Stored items
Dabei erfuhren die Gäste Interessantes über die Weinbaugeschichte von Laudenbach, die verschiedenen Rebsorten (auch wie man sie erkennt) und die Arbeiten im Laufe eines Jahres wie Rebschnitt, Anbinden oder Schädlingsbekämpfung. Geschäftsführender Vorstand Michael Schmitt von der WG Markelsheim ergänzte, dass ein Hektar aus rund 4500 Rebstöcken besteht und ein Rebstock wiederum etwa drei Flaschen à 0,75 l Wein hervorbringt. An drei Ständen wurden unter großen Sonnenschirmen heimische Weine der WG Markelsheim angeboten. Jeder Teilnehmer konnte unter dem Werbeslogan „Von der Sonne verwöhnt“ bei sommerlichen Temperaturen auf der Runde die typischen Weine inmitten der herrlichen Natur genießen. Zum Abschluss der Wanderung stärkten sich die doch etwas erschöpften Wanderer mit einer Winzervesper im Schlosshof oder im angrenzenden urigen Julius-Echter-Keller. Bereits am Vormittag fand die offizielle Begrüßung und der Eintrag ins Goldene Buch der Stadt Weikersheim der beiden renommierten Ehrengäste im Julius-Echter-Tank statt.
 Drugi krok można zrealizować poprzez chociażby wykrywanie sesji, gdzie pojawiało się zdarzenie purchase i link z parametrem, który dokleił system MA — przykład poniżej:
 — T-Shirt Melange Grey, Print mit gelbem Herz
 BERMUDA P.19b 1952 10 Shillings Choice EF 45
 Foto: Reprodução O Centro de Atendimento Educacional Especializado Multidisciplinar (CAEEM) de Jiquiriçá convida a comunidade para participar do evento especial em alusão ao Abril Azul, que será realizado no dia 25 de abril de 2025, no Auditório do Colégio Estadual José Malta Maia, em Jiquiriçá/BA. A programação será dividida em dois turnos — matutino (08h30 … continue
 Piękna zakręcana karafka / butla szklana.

Task requirements:
What are the lines, exactly as written above, from the line with "Drugi krok można" to the line with "BERMUDA P.19b 1952 10 Shillings Choice EF 45", both included? Output only those.

Task response:
 Drugi krok można zrealizować poprzez chociażby wykrywanie sesji, gdzie pojawiało się zdarzenie purchase i link z parametrem, który dokleił system MA — przykład poniżej:
 — T-Shirt Melange Grey, Print mit gelbem Herz
 BERMUDA P.19b 1952 10 Shillings Choice EF 45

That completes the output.